Saturday, February 6, 2016

Bearclaw meets Pancake



Appearances are a substantial part of politics.  One has to look the part,



even if one is short, pot-bellied and bald. Appearances are to humans what alpha-smell is to dogs. 

Sniffing the hormones, it was obvious that Sanders lost Wednesday night’s debate with Clinton.  He looked like a wet bunny who had been hit on the back of its head while Mme. Clinton puffed and strutted on stage like a cock.

Clinton was full of double-daring and aggro-victimhood.  “Enough is enough” she cried, as if her patience were truly exhausted beyond human endurance at having to put up with “insinuations” that she was Goldman’s Girl.

Mark Hannah's Boy

One could but feel for poor President McKinnley...

But instead of ripping Hillary a third asshole, Sanders just hunkered down and mumbled that money had too much influence in politics. 

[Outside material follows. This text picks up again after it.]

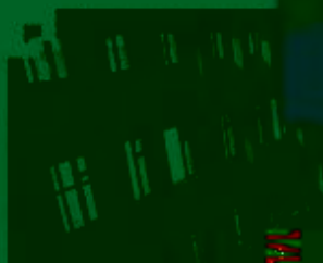
商贸管理类专业 综合训练场所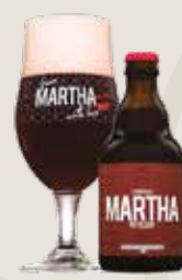
2 Martha Guilty Pleasure 8,0%

Hillary’s reply the previous day that she had accepted $650,000 in speaking fees from Goldman Sacks because “that’s what they offered” was the kind of clueless insouciance that has marked others in history with indelible infamy. In Hillary’s case the cluelessness was faux and Sanders ought to have raked her over her words seven times over.  He didn’t.

Far worse, was Sander’s complete failure rally his own cause and define himself as the standard-bearer for American “progressives."

The issue came up when Clinton was asked if she considered herself a “progressive.”  With shameless sophistry, Clinton replied that she did because she believed in making progress.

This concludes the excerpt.